Wednesday, May 06, 2009

Incy Wincy Spider...



quite like this spider I did for NMS...
put the leaves in to show it wasn't a massive, big 'ol Aussie man-eater of a thing, but rather a proper little British spider.

Monday, April 20, 2009

A fine looking Toad



Working very hard on the National Museums of Scotland job - I literally have hundreds of animals, birds, insects, fish and flowers to draw.
As part of one of the interactive exhibits in the show, I have drawn 15 animals that all have to be sorted out (by the visitors)as to where they live (or not) in a hedgerow.
These drawings have to be accurate, as they are educational, but still done in my style.
I am rather fond of this lowly and rather warty common toad. Yes - as part of the same exhibit I have also drawn a badger (currently re-doing the badger, as my first version was deemed a bit "weird, possibly too hairy" by the folk at the museum!) and a weasel so all I need to complete a cast call for Wind in the Willows is a water rat - but there isn't one in this show!
I'll get some of the big showstopper garden scenes up soon - just as soon as they are ready. In the meantime - enjoy the toad.

Wednesday, April 01, 2009

National Museum of Scotland



Finally! I am able to write a bit about this absolute PEACH of a job!
The last couple of months have seen me to-ing and fro-ing to the wonderful, award winning National Museum of Scotland to meet with their very cheerful design team to discuss doing some work for their big summer exhibition, entitled Garden Detectives, which is part of the Darwin200 series of events celebrating all things Charles Darwin.

It was Stuart Kerr who contacted me - he is a D&AD award winning 3D designer and mad keen cyclist by the way - and asked if I had ever done work for interactive, large scale exhibits. Nope...but I'd like to.

Basically the exhibition is aimed at children and will encourage them to discover what lurks, lives and burrows in their own backyard, through the medium of large, custom built interactive garden sheds, flowerbeds and hedgerows...oh and a garden pond too.
There will be plenty of specimens and things to poke at too.

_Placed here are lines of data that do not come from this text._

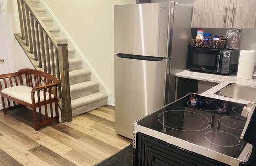 Private entrance to basement. Cozy room with queen bed, living room with 55" smart TV & beautifully decorated. Kitchen equipped with SS appliances, microwave & LOTS of cabinet space. Includes essential cookware, dish drain, dishware & cutleries. Fibre optic WiFi, AC and heating. There's free street parking for guests.
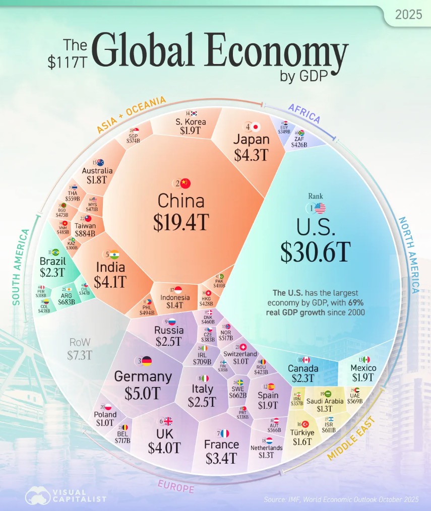 Визуализация мировой экономики объемом $117 трлн наглядно показывает: центр роста постепенно смещается, а разрыв между лидерами и догоняющими становится все более заметным. В ближайшие годы именно эти дисбалансы будут определять глобальную экономическую повестку.
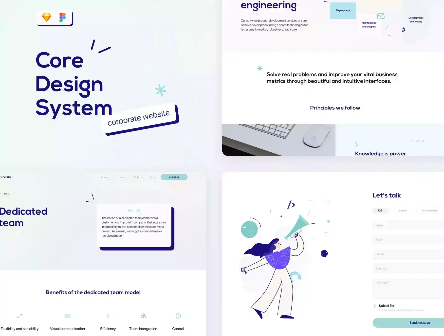 Core is available for Sketch and Figma. Download files and create awesome website.

Where does my work fit in? Well,I get to draw and paint lovely, loose garden scenes and hedge rows with bird's nests,curled up cats and pond-dwellers, which will be supersized and applied to walls and to the interactive exhibits aswell. I am also doing a hefty amount of quite technical illustration of the creatures who inhabit our gardens too too. Now, for those of you who know my work, you would be forgiven for thinking "Jill? technical? Neat and tidy?" I did think the same thing myself. However, after doing some drawings of Dragonfly larvae and ladybirds for the Museum's resident entymologist, my style got the stamp of approval!
The brief was to draw accurately, but still be inky - these illustrations are to be educational afterall.

Needless to say, I am very excited about this job - which does mean scanning everything at 1200dpi, as it is going to be BIG!
There will be plenty more updates about this, so watch this space for any more snippets.

Above illustration is a garden cat and also another of part of a dragonfly life cycle. You knew that though, didn't you?